== Exercise description ==
Leave out every picture and set down, exactly, the lines below from the one holding "Varusteet: Jääkaappipakastin. Liesi: Sähköliesi" up to and including the one holding "Flight Attendant Chibi".

Items from a data source:
________________________________________

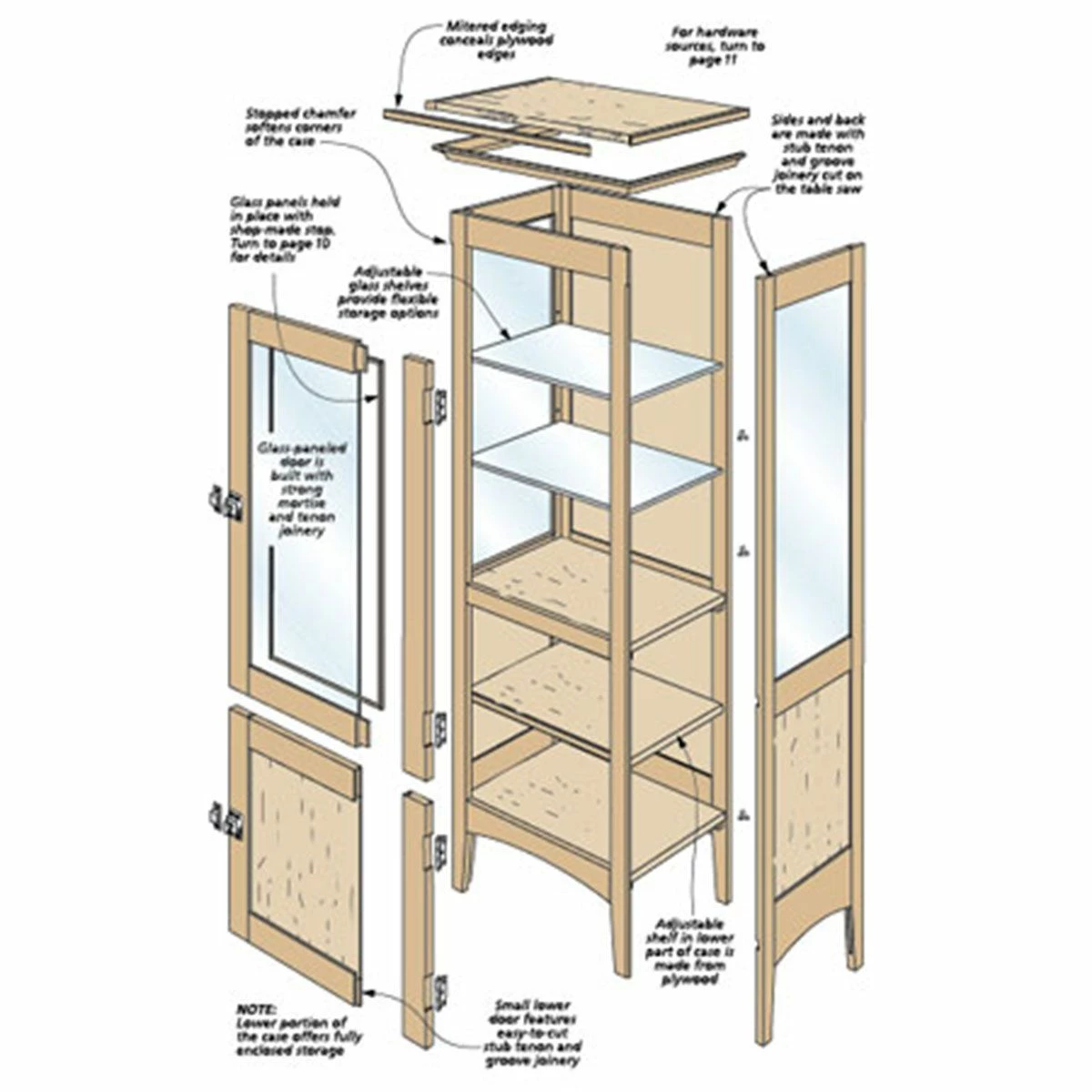 Step-by-step instructions, exploded views, materials list, and more—these plans have everything you need to build your own Glass-Panel Display Cabinet.
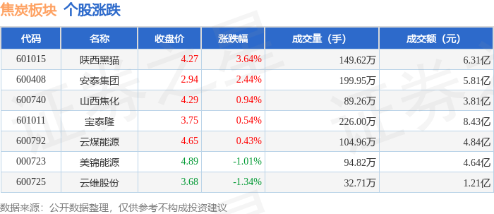 证券之星消息,10月27日焦炭板块较上一交易日上涨0.43%,陕西黑猫领涨。当日上证指数报收于3996.94,上涨1.18%。深证成指报收于13489.4,上涨1.51%。焦炭板块个股涨跌见下表:
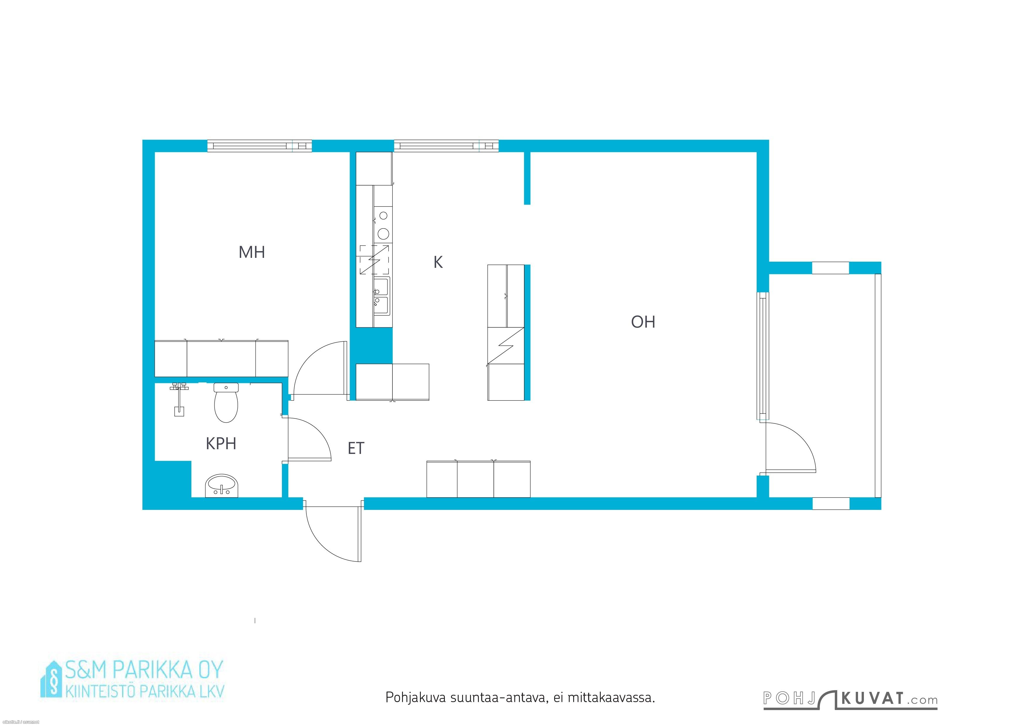 Varusteet: Jääkaappipakastin. Liesi: Sähköliesi
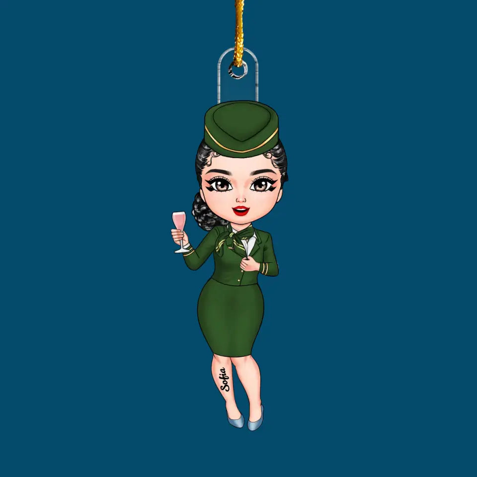 Flight Attendant Chibi Ornament - Personalized Custom Mica Ornament - Christmas Gift For Flight Attendant, Family Members CLA0DM010
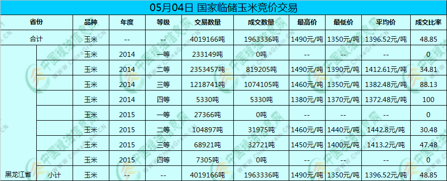 本周临储玉米拍卖投放量由700万吨增至800万吨,其中5月3日投放395万吨,成交率83.77%,溢价20-50元/吨。5月4日投放405万吨玉米,成交率48.85%,溢价在40元/吨以下(如下图所示)。临储拍卖不断加量冲击市场,玉米价格负重前行,陷入“跌跌不休”的境地。中国粮油信息网分析师周喆认为随着临储拍卖持续加量,短期内玉米价格行情还将承压下行,具体原因如下。
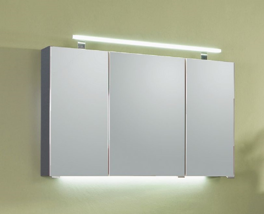 Der moderne und stilvolle Puris Fresh Spiegelschrank S2A431067 überzeugt durch Funktionalität. Der 100 cm breite Puris Bad-Spiegelschrank ist mit drei Spiegeltüren, Glaseinlegeböden, Schalter-Steckdosen-Element und einer LED Aufbauleuchte ausgestattet. Der Innenraum vom Spiegelschrank wird von insgesamt drei Einlegeböden aus Glas aufgeteilt. Sodass man die täglichen Badartikel übersichtlich verstauen kann. Die energiesparsame LED Aufbauleuchte sorgt nicht nur für ein angenehmes Wohlfühl-Ambiente mit Badezimmer sondern auch für die tolle Ausleuchtung der Spiegelfront.
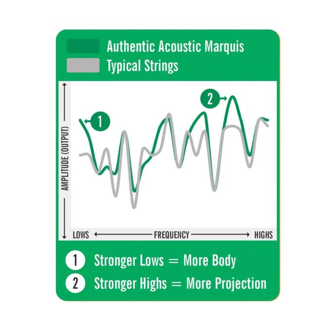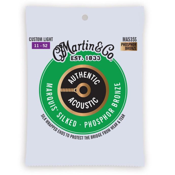 Martin® Authentic Acoustic® Marquis® Silked žice za akustičnu gitaru imaju mekani svileni omotač koji sprječava njihovo habanje. Ta dodatna debljina žica također osigurava da čepovi (pinovi) na mostu ostanu stabilni, čak i kod starijih mostova s istrošenim otvorima. Također, ovaj lagani svileni sloj doprinosi i ugodnijem osjećaju prilikom sviranja.
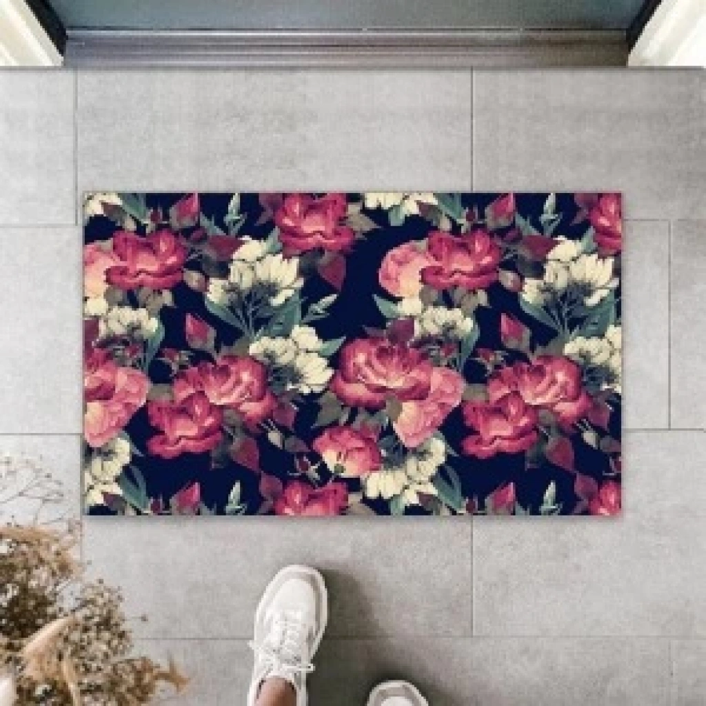 Dijital Baskı Gül Kurusu Büyük Çiçek Kapı Paspası
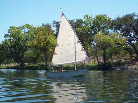 Went to the Centex messabout this weekend at Inks Lake. One of the boats there was Lance Turner's new John Welsford version of a Puddle Duck. Lance is a meticulous craftsman; he's got the classiest Puddle Duck ever built. Sail looked beautiful too, tan-colored lateen. John Welsford was also at the messabout, and was suitably impressed.
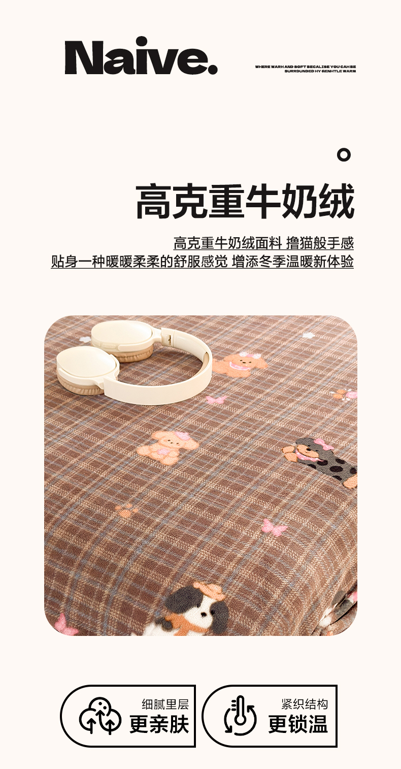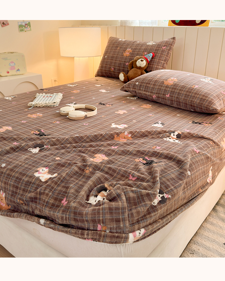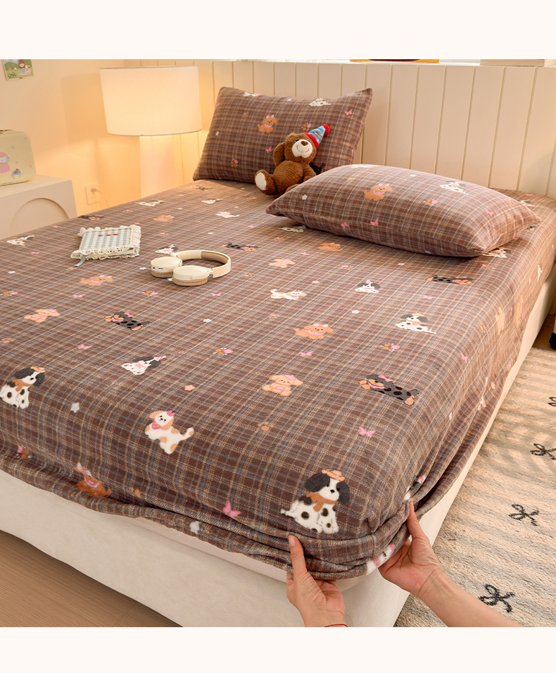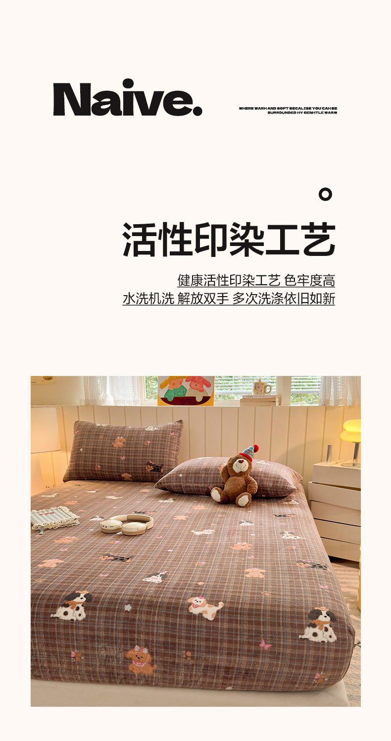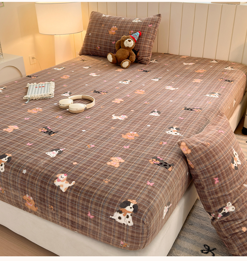 丽美人家纺 2025年牛奶绒小版印花床笠单床笠床笠单件 英伦小狗

________________________________________

== Answer for this exercise ==
 Varusteet: Jääkaappipakastin. Liesi: Sähköliesi
 Flight Attendant Chibi Ornament - Personalized Custom Mica Ornament - Christmas Gift For Flight Attendant, Family Members CLA0DM010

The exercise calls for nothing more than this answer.